Fig. 5. Alison J Carr, Being & Becoming, 2010. Giclée photograph, 30 x 40 cm. Image by the artist

Woman As Image


PDF: Carr, Woman As Image

Alison J Carr, Woman As Image (Single Channel), 2009,

In Woman As Image (2009; figs. 1–2), I navigated the turbulent terrain of being the eponymous woman in the image. In the video, I sing and dance, amateur-style, editing multiple takes that demonstrate my increasing exhaustion. In truth, I was exhausted. Exhausted by the frequent recommendations I received while a Masters in Fine Art (MFA) student at California Institute of the Arts (CalArts) that I should read Laura Mulvey’s germinal essay, “Visual Pleasure and Narrative Cinema.”1 I used my artwork to demonstrate my dutiful scholarship—it is Mulvey’s words to which I sing and dance in the video. At the same time, the video offers a contestation of Mulvey’s essay. Here, I would like to unpack the strategies of resistance I employ in the video and in my subsequent work.

I remember the impulse to sing and dance the Mulvey essay—an idea to which I was drawn by the end of my first year of graduate school. I was fearful of the idea, too. I knew it was an act of rebellion and refusal. But I was getting tired of Mulvey’s essay. And with each recommendation that I read it, I grew more tired of the implied and sometimes explicit critique that my re-creations of 1930s cigarette-card pinup girls would never function as I intended: that they would never convey ambiguity, complexity, or criticality; that they would never show subjects but always reduce women to objects. This was a difficult assessment with which to grapple. Its provocation was clear—I had to be more forceful in my critique of images of women or else risk reproducing the problems inherent in them.

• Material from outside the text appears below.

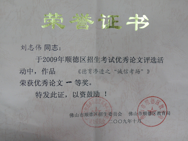 在2009年佛山市顺德区招生考试优秀论文评选活动中,我校刘志伟老师的论文《德育渗透之“诚信考场”》荣获优秀论文一等奖。
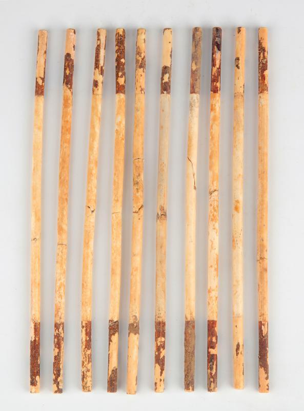 这批算筹均为象牙质地,长短、粗细几乎完全一致。多数完整,少数有不同程度的残断。牙筹整体呈细圆棒状,部分筹身两端微收窄,表面光滑,磨制精细,两端截面齐整。完整筹身通长为18.3~18.5厘米、直径0.49~0.54厘米,单体重5.7~7.7克。以完整的算筹(含粘接复原的个体)以及残余筹身长度大于完整器一半的断筹计数。该批算筹总数至少为61根,根据筹身彩绘及加工方式的不同,这批算筹可分为素白色、红白色、红黑色三种类型,另有两根残筹无法辨识。其中素白筹仅1根;红黑筹有28根,两端各长3.4厘米的红褐色漆皮,脱落严重,筹身中段为黑色,颜色因保存状况不同深浅不一;红白筹30根,中段为象牙原色,两端为红褐色漆皮。后两类筹身两端红褐色漆皮段与中间段之间发现有一圈极细的刻槽分界线,两部分的界限十分整齐。

Let me introduce the cigarette-card work to which I have alluded. In 2005, at a rummage sale, I found a tin of cigarette cards from the 1930s. I was enchanted by the ones featuring female performers. I selected all the showgirls and bought them, and on the walk home, I decided that I was going to recreate all nine of them, becoming all the women in the photographs, as well as the photographer. At the time, this was a bold idea and one that would reform and redirect my practice. The project took three years to complete; I began before graduate school and kept working into my first year at CalArts. I shot and reshot the series Wish You Were Here, Real Photographs (2008; figs. 3–4) to get the lighting and mise-en-scène just right. My costumes were improvised and hot-glued. I hand-printed all the images in the darkroom, extensively burning and dodging and split-grading the photographs to bring more visual accuracy to the images. When I present the work, I always display photocopies of the backs of the original cigarette cards at their original size with their minibiographies of their subjects: it is important for me to honor the women as whom I masquerade. In this way, I try to reinstate each woman as much as I dislocate her. This is a concern in all my work: through the material decisions I make, I strive to register reverence and respect as I represent what is not there, the absence.

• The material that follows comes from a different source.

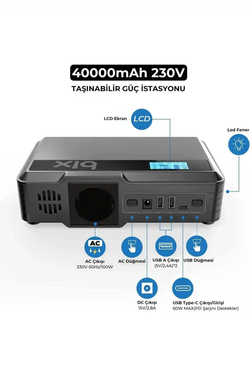 230v 100w Inverter Powerbank 2*usb 1*type-c Pd Çıkışlı Led Işıklı Şarj Istasyonu
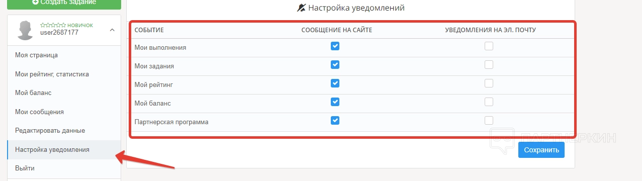 Вкладка «Настройка уведомлений» позволит отрегулировать способы отправки сообщений по разным событиям прямо на сайт или на указанную при регистрации почту.

At CalArts, the project, on the whole, made those around me nervous. I was, after all, doing something deeply uncool—following my desire, my pleasure. Sharing the work, this project continues to find new audiences who see and enjoy the pleasure in my connection to this specific history. The project became a gateway for me; through it I have found the conceptual and critical issues that underpin all that I do. Indeed, I have developed some expertise in showgirl culture and history, which has led to important collaborations.2

Back to Mulvey. Her essay created a rupture. Written in 1973 and published in 1975, the essay applies Sigmund Freud’s theories of scopophilia and voyeurism to develop a framework for understanding how classic Hollywood films presumed or constructed a male viewer. Introducing the term “male gaze,” the essay demonstrates how film treats the sexual difference of female characters: they are given moments in which they become images to be looked at by men. Specifically, women characters are established by three men: the director of the film, the male protagonist, and the male spectator of the film. In Mulvey’s analysis, the woman character is a cipher, a zero-point, a locus for others. She is an image, and therefore she is nothing.

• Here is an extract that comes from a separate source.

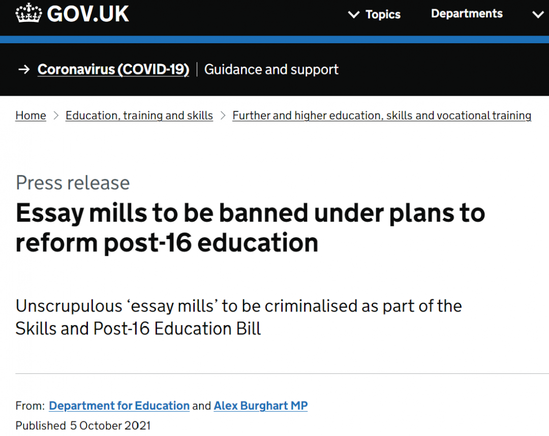 当地时间10月5日,英国政府官网正式发布消息——正在英国议会推进的《高等教育改革法案》将引入新措施,为学生提供代写论文以盈利的服务(论文工厂)将被定为犯罪行为(be criminalised)。

I adapted a key section of Mulvey’s essay into the song I sing, a cappella, in Woman As Image. My lyrics are sung to the tune of John Kander and Fred Ebb’s “And All That Jazz” from the 1975 musical Chicago:

In a world ordered by sexual imbalance,
pleasure in looking has been split between active/male and passive/female.
The determining male gaze projects its phantasy onto the female figure, which is styled accordingly.
In their traditional exhibitionist role women are simultaneously looked at

with their appearance coded for strong visual impact
so that they can be said to connote to-be-looked-at-ness.
Woman displayed as sexual object is leitmotif of erotic spectacle: from pin ups to strip-tease,
from Ziegfeld to Busby Berkeley, she holds the look, plays to
and signifies
male desire.

Mainstream film neatly combined spectacle and narrative.
(Note: however, how in the musical song-and-dance numbers interrupt the flow
of the diegesis.) The presence of woman is an indispensable element of spectacle in normal narrative film,
yet her visual presence tends to work against the development of a

My song’s lyrics, though not taken entirely verbatim from Mulvey’s essay, identify the sharp points of her argument. The uneven gender dynamics presented in classic Hollywood films expand beyond film to all forms of erotic spectacle. Women are outside the forward momentum of the narrative. Their voices only exist within the song and dance numbers. This mirrors the way that women’s voices did not have a place within structures of power at that time. The clarity and force of this point of view is seductive. And yet, I argue Mulvey’s essay must be seen within a specific context, namely that of the enveloping, immersive space of cinema.4 How we consume images now, with our diffuse and fragmented attention spans and pocket technologies, is vastly different.

I have always been interested in looking at images of women to see where subjectivity might be intervening in the image, in spite of the image’s strictures. I have been looking for the traces of the person, her realness, complicating the image.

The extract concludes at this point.